Reorganizing their coal subsidiary as New Shawmut Mining Co., the new receivers agreed to help the miners buy their homes and install indoor plumbing or make other improvements. Housing corporations were formed in the three communities affected by the strike—Force, Byrnedale, and Hollywood. But, as the New Shawmut receivers sought buyers for the railroad and the mining concern, the deeds to the houses became entangled in those transactions. In the end, a salvage company bought the railroad for scrap and sold New Shawmut to a coal operator, Antonio John "A. J." Palumbo, who would later become known as a wealthy philanthropist. In the summer of 1947, the people of the area hosted a farewell picnic for Hayes as dozens of mining families received deeds to their homes.

==Later life and career==

After leaving Force, Hayes married and worked as a civilian physician at the Cherry Point Marine Air Base in North Carolina. While her husband served in Korea, she moved to Brockway, Pennsylvania, and joined another physician's practice under the name Betty Hayes Williamson. That marriage ended in divorce. In 1956 she married LeRoy Voris, an agricultural researcher for the National Academy of Science, who was widowed with three sons. The couple lived in the Washington, DC, area until retiring to Pine Knolls Shores in Carteret County, NC. In 1984 Elizabeth Hayes Voris died of a stroke at age 72.

==Legacy==

Hayes's widely reported struggle provided the impetus for Truman to commission the first-ever nationwide survey of sanitation, housing, and access to medical care in coal mining areas. Initiated in 1946 and published the following year by the US Department of the Interior, A Medical Survey of the Bituminous-Coal Industry revealed the shocking conditions of dozens of coal towns. The report included scores of pictures taken by the noted photographer Russell Lee. However, the publication refrained from citing the names and locations of the coal towns photographed and described. Therefore, no one was held responsible for the deplorable state of "Coaltown USA"—the survey's evasive name for all such communities. The survey also took pains to contrast the worst of these towns with the best, showcasing the small number of newer "model" communities built by coal operators. Rear Admiral Joel T. Boone headed the survey, in which Hayes took no part and Force is not mentioned.

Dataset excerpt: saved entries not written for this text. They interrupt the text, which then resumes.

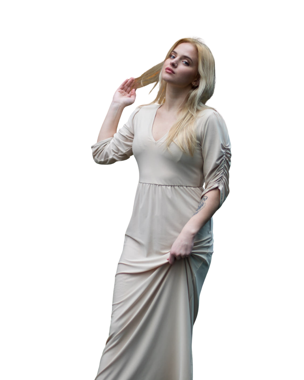 - Djúpt V-hálsmál, pils rykkt í mittið og ermar rykktar.
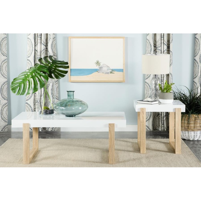 This modern coffee table set combines clean lines and bright hues for a playful yet functional design. Featuring thick high-gloss tabletops, the set includes a rectangular coffee table and a square end table. Each piece rests on a sturdy double U-shaped base in a light natural finish, showcasing variegated wood grain patterns for added charm. Perfect for contemporary spaces, this occasional table set offers versatile surfaces for decor, beverages, or everyday essentials.
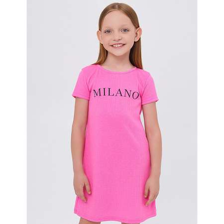 Платье для девочки с принтом. Платье А-силуэта из мягкой ткани кашкорсе удобно в носке и подходит для активного образа жизни. Короткие рукава и эластичный материал обеспечивают комфорт и свободу движений каждый день.
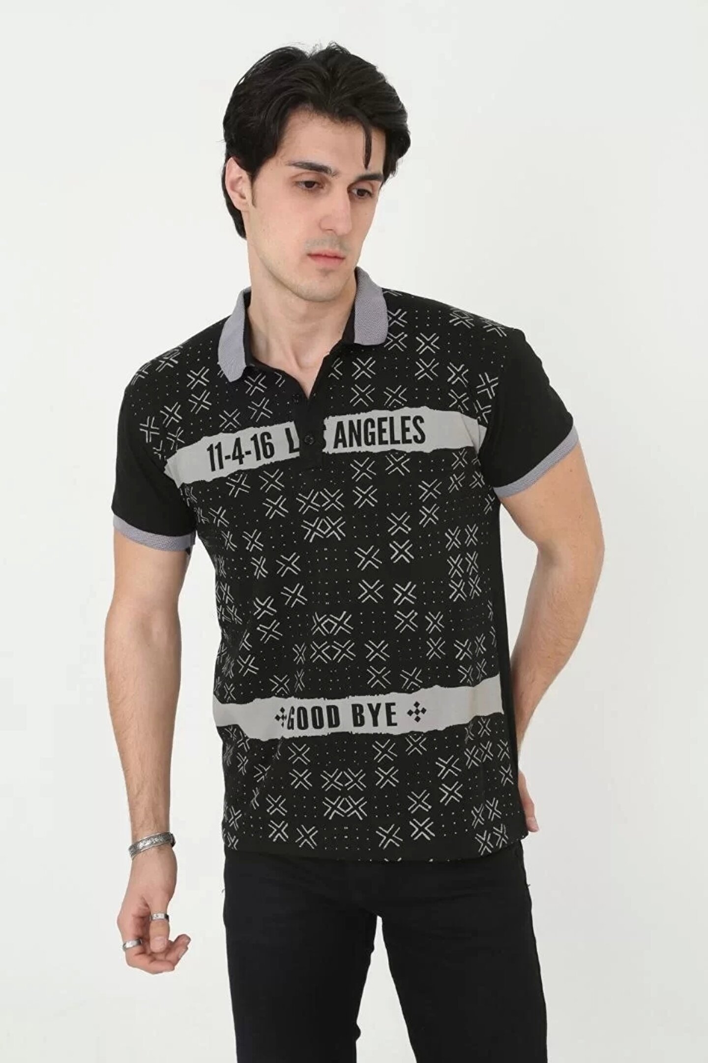 Erkek Yakalı Slim Fit Baskılı T-Shirt - Siyah
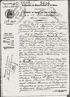 - Archives départementales des Hauts-de-Seine : État civil de Neuilly-sur-Seine - Acte de mariage no 192. Cote du document : image 215 à 216 - no 1890. Archives départementales des Hauts-de-Seine, no 137 avenue Frédéric et Irène Joliot-Curie, 92023 Nanterre.
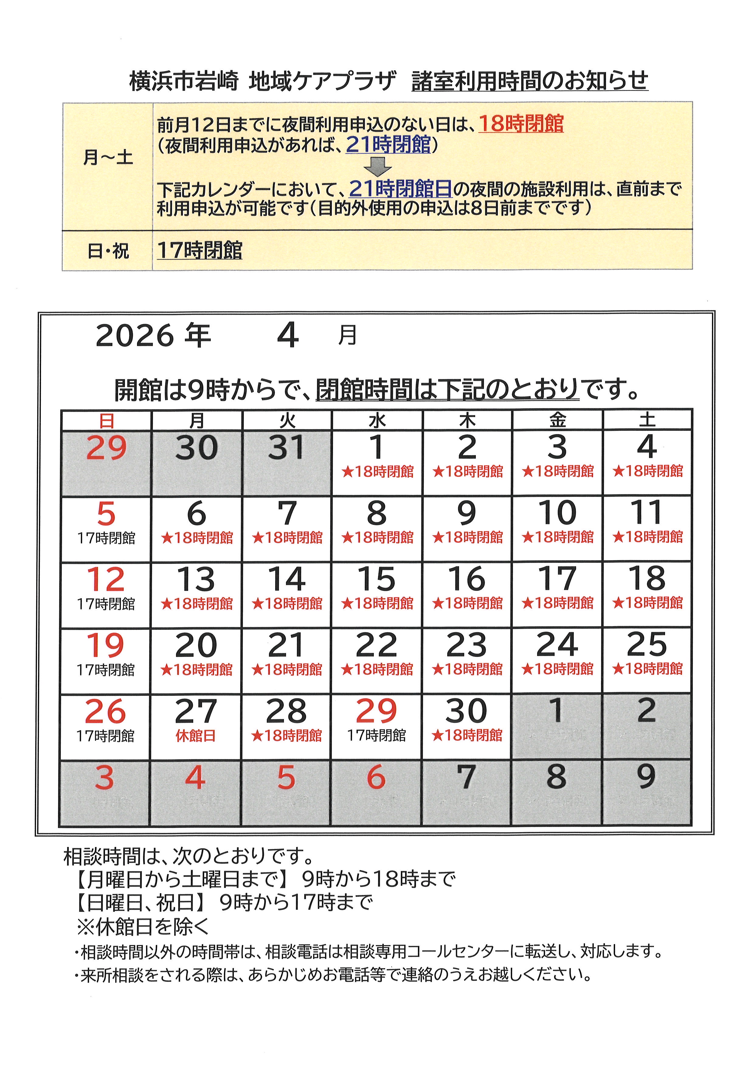 令和8年4月の閉館時間
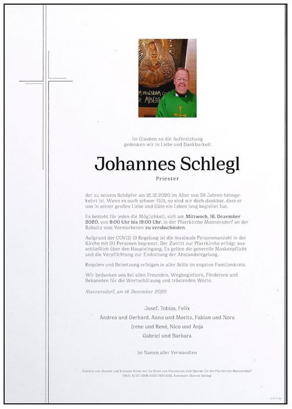 Anstelle von Blumen und Kränzen bitten wir im Sinne von Hannes um eine Spende für die Pfarrkirche Mannersdorf a. d. R. - IBAN: AT20 3306 5000 0133 5132, Kennwort Hannes Schlegl
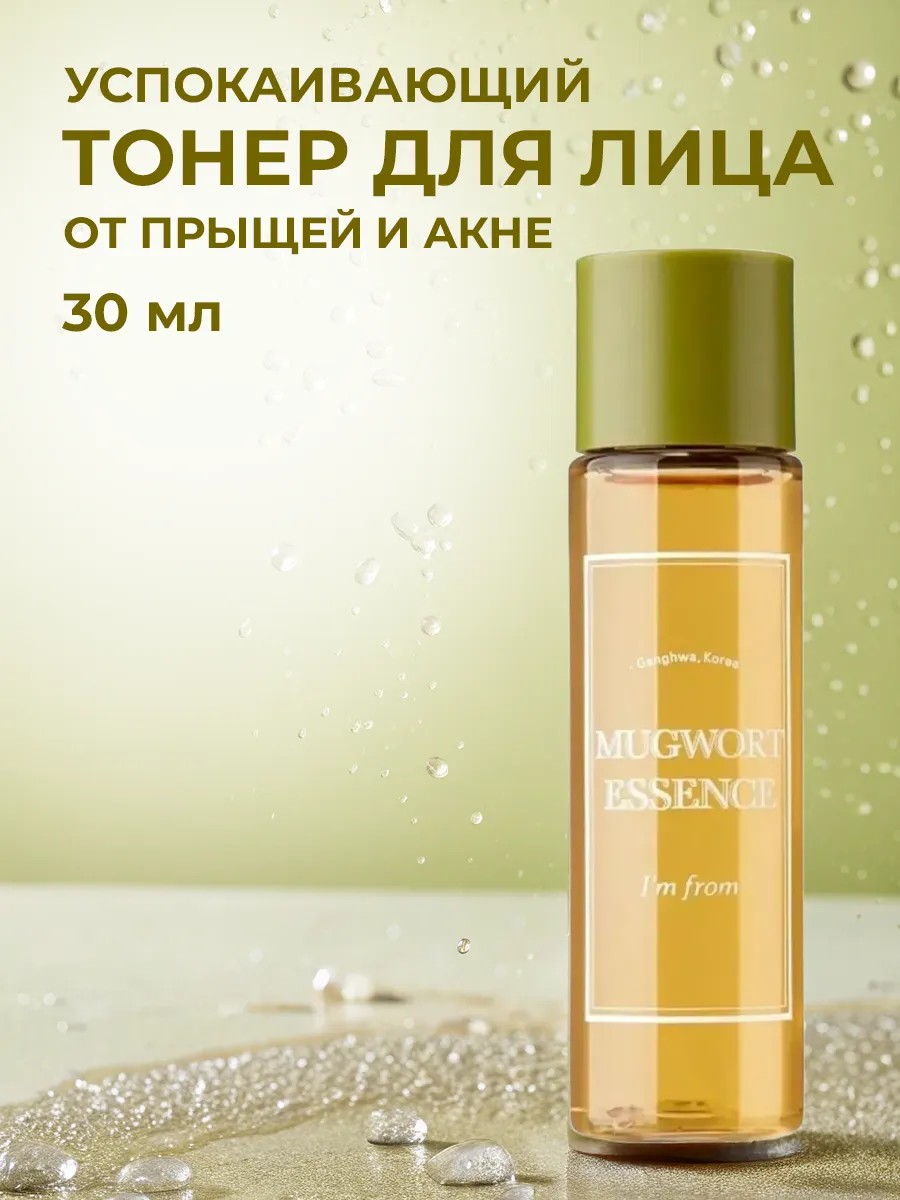 This Korean brand's I'm From Mugwort Essence cleansing toner contains 100% mugwort extract and is ideal for oily, problematic skin prone to breakouts, acne, and rosacea. This toner soothes inflammation and prevents new breakouts, tightens pores, regulates sebum production, and perfectly mattifies. Mugwort, a component of this acne toner, is rich in vitamins and minerals, so it effectively removes toxins from the skin and helps treat dermatitis, demodicosis, and acne, including teenage acne. After regular use of this moisturizing toner, skin appears healthy and well-groomed, and imperfections specific to your skin type become less visible or disappear. This Korean anti-aging moisturizing facial toner has a thick, watery texture and a pleasant herbal aroma. It absorbs perfectly without leaving a sticky or greasy feeling, leaving your skin matte. Directions: Apply this mattifying Korean facial toner to cleansed skin using gentle, patting movements. Then, apply I'm From Mugwort Cream with mugwort extract. This Korean moisturizing facial toner is suitable for daily use by men, women, and teenagers. I'm From Mugwort skincare products are designed to address a variety of skin concerns, including pimples, acne, blackheads, rosacea, various inflammations, and breakouts. For best results, we recommend using this problem skin toner in combination with other brand products. Moisturizing facial toner, cleansing facial toner, toner for oily skin, and acne toner for teenagers.
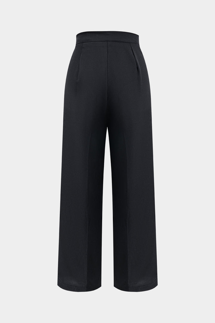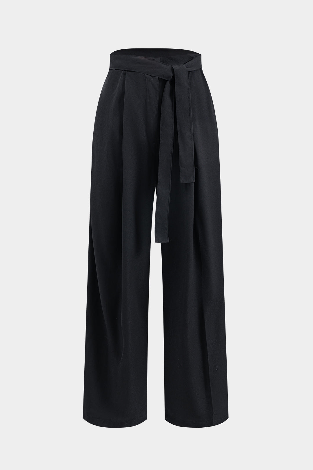 Pleated Tie Front Wide Leg Trousers
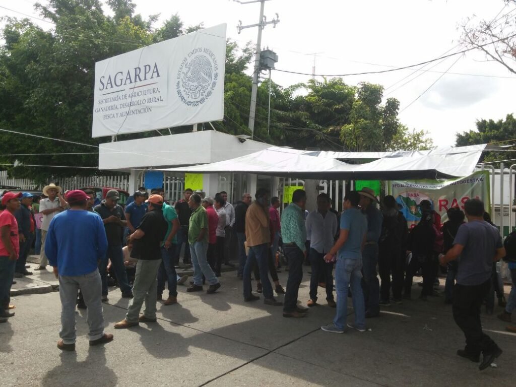 Preocupados porque la temporada de lluvias llegó, campesinos de la zona Norte y Montaña protestaron a las afueras de la delegación de la Secretaría de Agricultura, Ganadería, Desarrollo Rural, Pesca y Alimentación (Sagarpa), debido a que la dependencia no ha entregado los apoyos para la siembra de sus parcelas.
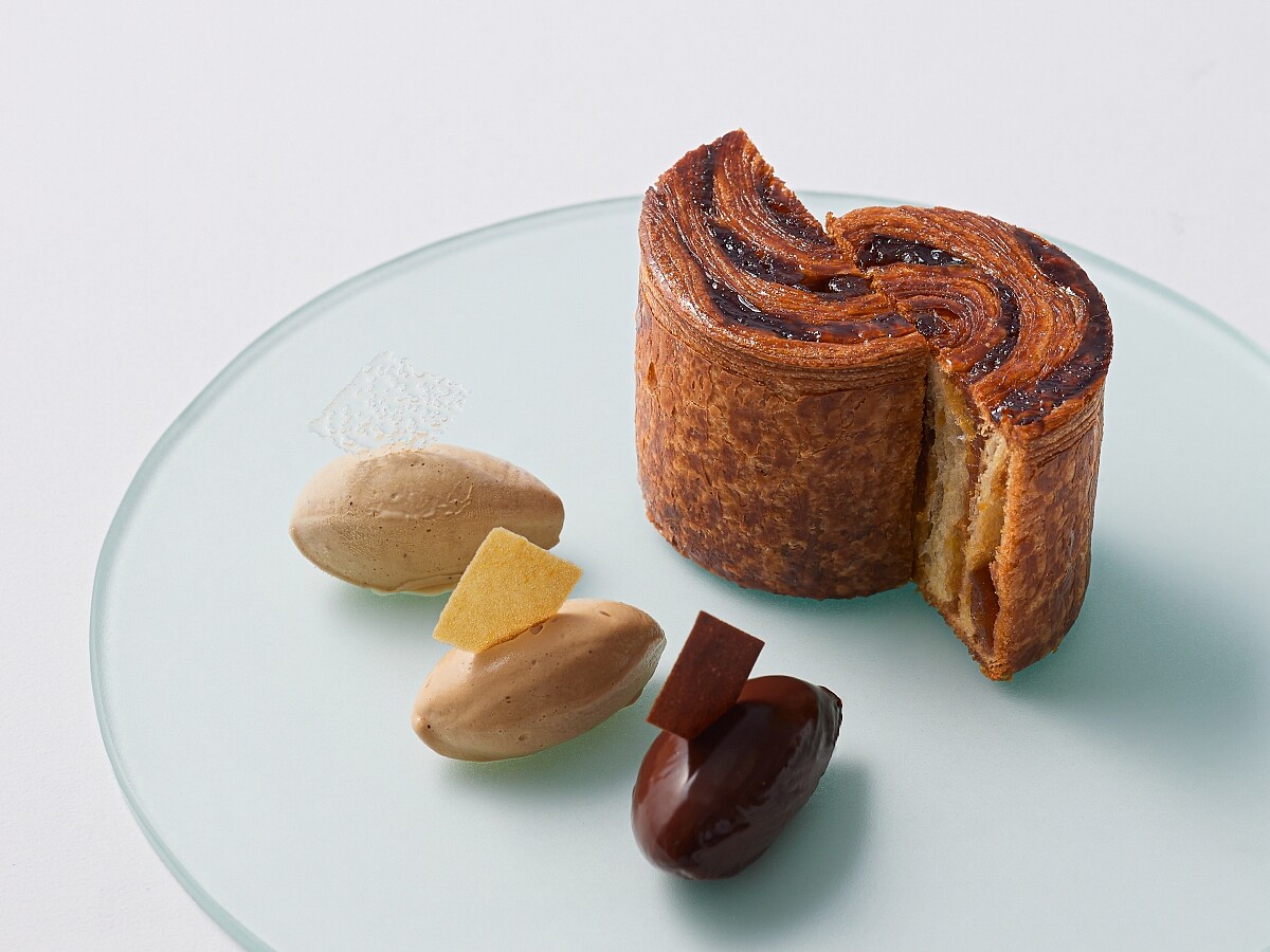 原本不在此次計畫拜訪的弘前市,Chef Andre 行前發現當地有蘋果派比賽盛典,因此特地安排了前五名店家踩點探店。 於是 Chef Andre 在「青森週」隔空參賽!他以三種不同法式手法呈現,運用製作千層派、翻轉蘋果派、肉桂麵包的技巧合而為一,搭配上巧克威士忌力甘納許、咖啡鮮奶油、焙茶冰淇淋,點綴上透明的糖片作為搭配,作為餐會最甜美的結尾。
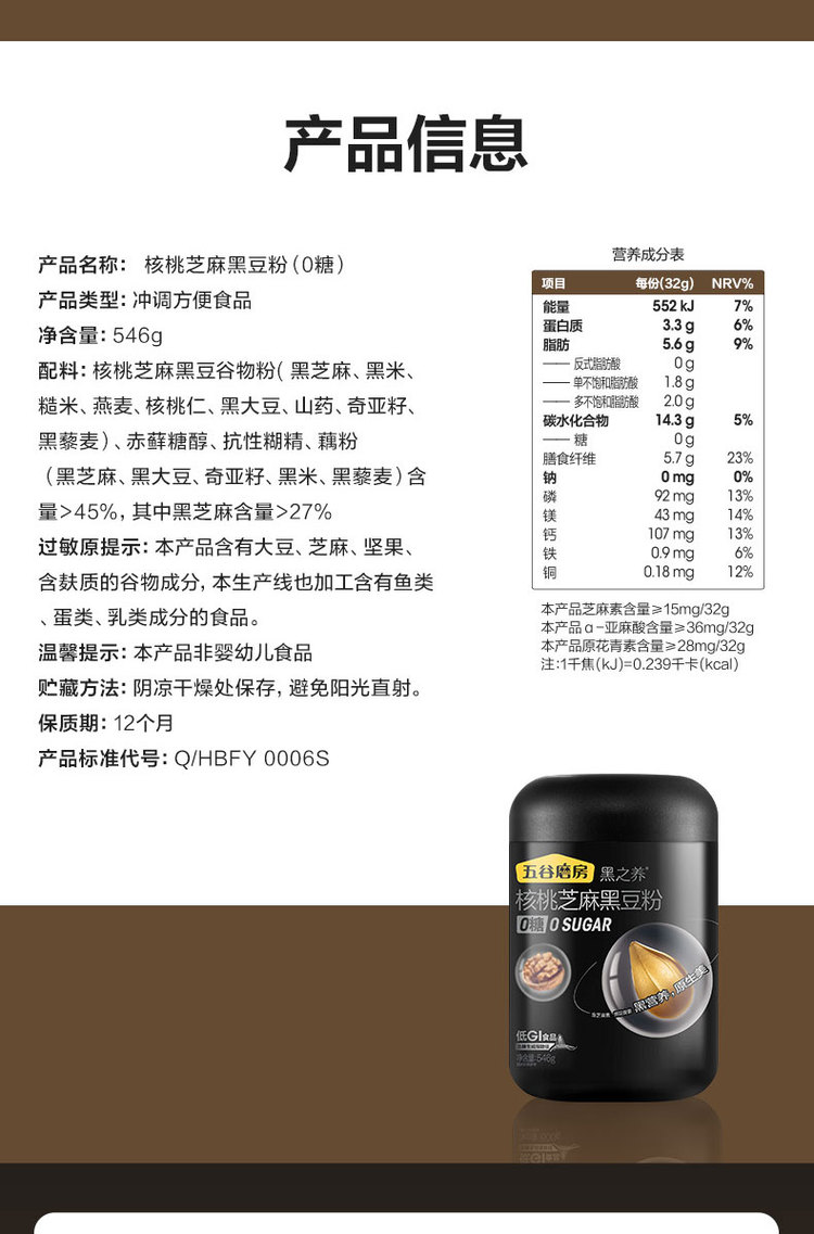 0糖版黑芝麻糊黑豆粉黑芝麻粉546g*2/546g*1

Despite its lack of specificity, the findings of the survey helped the United Mine Workers of America establish a health and welfare fund, financed by coal-sale royalties, which had long been a goal of its president, John L. Lewis. Lewis never acknowledged Hayes's contributions and remained officially neutral during the strike in Force. At the time, the national union contract did not cover health and sanitation issues, and Lewis neither authorized the strike nor tried to end it. However, the official union publication, the United Mine Workers Journal, ran approving pieces about it. After the miners returned to work, the Journal ran a list of contract changes proposed by the Force strike leaders, including demands for safe sewage disposal and pure water.

In 1946 the board of trustees of the Medical Society of the State of Pennsylvania unanimously commended Hayes for "her untiring and unselfish efforts", noting that the prime duty of a physician is "to guard public health" for which "pure and potable water and proper disposal of sewage" are essential.

On Labor Day of 2023, state and local officials in Jay Township, Elk County, unveiled signs designating a portion of Route 255 as The Dr. Betty Hayes Memorial Highway by an act of the Pennsylvania General Assembly. Announcing the highway naming, State Rep. Mike Armanini said Hayes “devoted years of her life to fight against the inhumane conditions of the mining town she called home.”